EXERCISE REQUIREMENTS. From the line containing "Чтобы реализация 𝗠𝘆𝗦𝗤𝗟" to the line containing "Colgué un hervidor" in the entries below, reproduce every line exactly, ends included. Nothing else belongs in the copy, and no pictures.

Excerpts from a dataset:

--- START ---

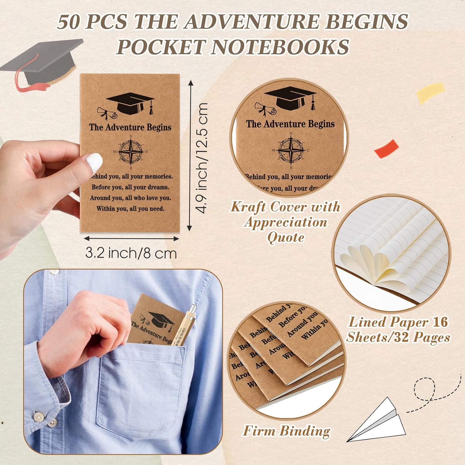 Features: The reliable quality make the motivational pens and notebooks suitable gift choices for you to share with your classmates, friends, or colleagues to let them enjoy the convenience of our products. Measuring at approx. 3.15 x 4.9 inches/ 8 x 12.5 cm, the notebook is easy for you to carry without taking too much space. Specifications: Material: Motivational notebooks: paper Motivational pens: bamboo, ink Motivational keychains: wood, alloy Color: black ink Size: Motivational notebooks: about 3.15 x 4.9 inches/ 8 x 12.5 cm Motivational pens: about 5.36 x 0.4 inches/ 13.6 x 1 cm Motivational keychains: about 1.6 x 0.3 inches/ 4 x 0.7 cm Package includes: 50 x Motivational notebooks 50 x Motivational pens 50 x Motivational keychains Notes: Manual measurement, please allow slight errors on size. The color may exist a slight difference due to different screen displays.
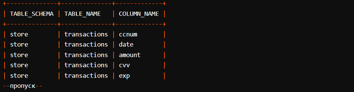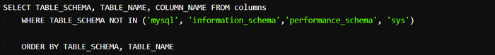 Чтобы реализация 𝗠𝘆𝗦𝗤𝗟 заработала, мы будем проверять таблицу 𝗶𝗻𝗳𝗼𝗿𝗺𝗮𝘁𝗶𝗼𝗻_𝘀𝗰𝗵𝗲𝗺𝗮.𝗰𝗼𝗹𝘂𝗺𝗻𝘀. Она содержит метаданные обо всех базах данных и их структурах, включая таблицы и имена столбцов. Чтобы максимально упростить потребление данных, используйте приведенный далее 𝗦𝗤𝗟-запрос. Он удалит информацию о некоторых из встроенных БД 𝗠𝘆𝗦𝗤𝗟, не имеющих для нас значения:
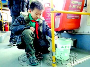 本报1月14日讯(记者 孟燕) 因为坐公交车上学时,经常看到有乘客往缝隙里扔垃圾,12岁的小学生曹宸卿设计了公交车用的可拆卸垃圾桶。14日,这种创意垃圾桶在79路公交车上试用。 曹宸卿在山师附小上小学六年级,每天上学、放学都乘坐79路公交车。“我对79路公交车都有感情了,早上上学的时候,经常看到有人吃完早饭就把塑料袋塞到了坐椅或窗户边的缝隙内。”曹宸卿说,这样既污染公交车内的环境,又影响乘客的心情。 14日,驾驶员卢风明表示,79路车上现在都配备了垃圾桶。“公交车是移动的,现在是用铁丝穿过垃圾桶然后固定在门口扶手处。这样不好,倒垃圾不方便,得频繁拆下来再安上。”他看了曹宸卿设计的垃圾桶赞不绝口。 在公交车上,曹宸卿给驾驶员和记者展示了他设计的垃圾桶。垃圾桶外有固定的一圈铁皮,上面有类似于插销样的东西。将配套的套环固定在车门口扶手上,垃圾桶上的插销插入套环就可以使用了。 从去年10月份曹宸卿有了设计公交车可拆卸垃圾桶的想法,到最近完工,一共用了4个月。“我放学坐公交车的时候就量一量扶手的宽度,做套环用。”曹宸卿说,他制作垃圾桶非常用心。 山师附小环保课指导老师邢西风表示,这已经是改良后的产品了。刚开始的设计是把垃圾桶钉上钉子,但对垃圾桶本身会有损坏,现在外面套的这个环形铁皮并不好做,因为垃圾桶并不是直上直下的,铁皮需要做成一个倒锥形。 “不算垃圾桶,成本才3块钱。”曹宸卿希望能在全市公交车上推广这种既方便又环保的垃圾桶。79路车队负责人表示,如果试用情况良好,将会进行推广。
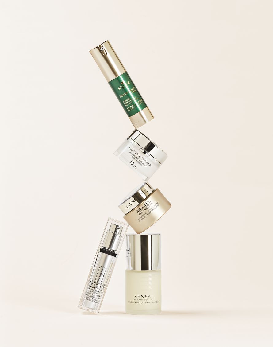 Kaulan ja dekolteen iho vanhenee kasvojakin herkemmin, sillä se on ohuempaa. Siksi tuolle alueelle on hyvä hankkia oma hoitotuotteensa. Sensain emulsio vaikuttaa jo viidessä päivässä, lisäksi tuote liftaa välittömästi. Pakkauksessa ohjeet hierontaan. Sensai Cellular Performance Throat and Bust Lifting Effect 106,60 e/100 ml.
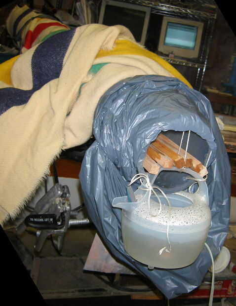 Colgué un hervidor de agua eléctrico de la parte delantera. He atado y había cubierto una bolsa de basura sobre el frente para que el vapor se subió en el tubo. Le enchufamos el otro extremo de la tubería y cubiertos mantas sobre ella para el aislamiento.
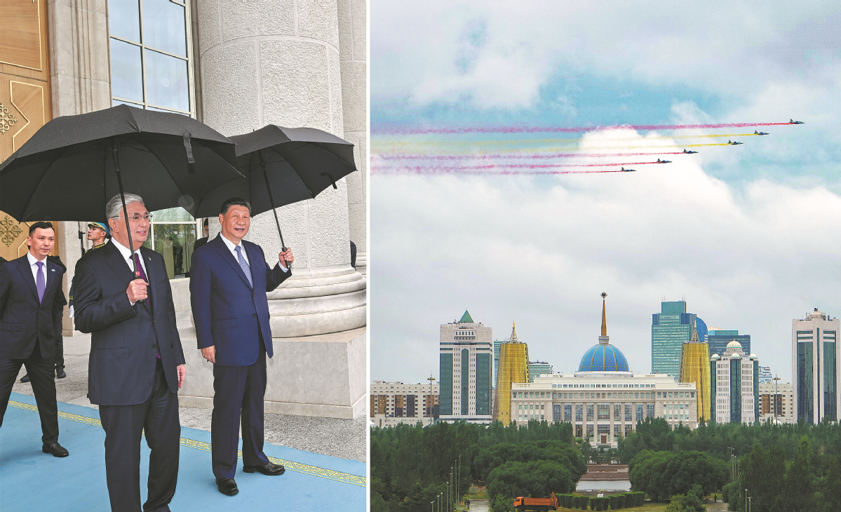 President Xi Jinping and Kazakh President Kassym-Jomart Tokayev watch as six Kazakh Air Force fighter jets fly overhead, trailing red and yellow smoke to symbolize the Chinese flag, during a welcoming ceremony on Wednesday in Astana, the capital of Kazakhstan. (WANG JIANHUA/YIN BOGU/XINHUA)

--- END ---

SOLUTION FOR THIS PROBLEM.
 Чтобы реализация 𝗠𝘆𝗦𝗤𝗟 заработала, мы будем проверять таблицу 𝗶𝗻𝗳𝗼𝗿𝗺𝗮𝘁𝗶𝗼𝗻_𝘀𝗰𝗵𝗲𝗺𝗮.𝗰𝗼𝗹𝘂𝗺𝗻𝘀. Она содержит метаданные обо всех базах данных и их структурах, включая таблицы и имена столбцов. Чтобы максимально упростить потребление данных, используйте приведенный далее 𝗦𝗤𝗟-запрос. Он удалит информацию о некоторых из встроенных БД 𝗠𝘆𝗦𝗤𝗟, не имеющих для нас значения:
 本报1月14日讯(记者 孟燕) 因为坐公交车上学时,经常看到有乘客往缝隙里扔垃圾,12岁的小学生曹宸卿设计了公交车用的可拆卸垃圾桶。14日,这种创意垃圾桶在79路公交车上试用。 曹宸卿在山师附小上小学六年级,每天上学、放学都乘坐79路公交车。“我对79路公交车都有感情了,早上上学的时候,经常看到有人吃完早饭就把塑料袋塞到了坐椅或窗户边的缝隙内。”曹宸卿说,这样既污染公交车内的环境,又影响乘客的心情。 14日,驾驶员卢风明表示,79路车上现在都配备了垃圾桶。“公交车是移动的,现在是用铁丝穿过垃圾桶然后固定在门口扶手处。这样不好,倒垃圾不方便,得频繁拆下来再安上。”他看了曹宸卿设计的垃圾桶赞不绝口。 在公交车上,曹宸卿给驾驶员和记者展示了他设计的垃圾桶。垃圾桶外有固定的一圈铁皮,上面有类似于插销样的东西。将配套的套环固定在车门口扶手上,垃圾桶上的插销插入套环就可以使用了。 从去年10月份曹宸卿有了设计公交车可拆卸垃圾桶的想法,到最近完工,一共用了4个月。“我放学坐公交车的时候就量一量扶手的宽度,做套环用。”曹宸卿说,他制作垃圾桶非常用心。 山师附小环保课指导老师邢西风表示,这已经是改良后的产品了。刚开始的设计是把垃圾桶钉上钉子,但对垃圾桶本身会有损坏,现在外面套的这个环形铁皮并不好做,因为垃圾桶并不是直上直下的,铁皮需要做成一个倒锥形。 “不算垃圾桶,成本才3块钱。”曹宸卿希望能在全市公交车上推广这种既方便又环保的垃圾桶。79路车队负责人表示,如果试用情况良好,将会进行推广。
 Kaulan ja dekolteen iho vanhenee kasvojakin herkemmin, sillä se on ohuempaa. Siksi tuolle alueelle on hyvä hankkia oma hoitotuotteensa. Sensain emulsio vaikuttaa jo viidessä päivässä, lisäksi tuote liftaa välittömästi. Pakkauksessa ohjeet hierontaan. Sensai Cellular Performance Throat and Bust Lifting Effect 106,60 e/100 ml.
 Colgué un hervidor de agua eléctrico de la parte delantera. He atado y había cubierto una bolsa de basura sobre el frente para que el vapor se subió en el tubo. Le enchufamos el otro extremo de la tubería y cubiertos mantas sobre ella para el aislamiento.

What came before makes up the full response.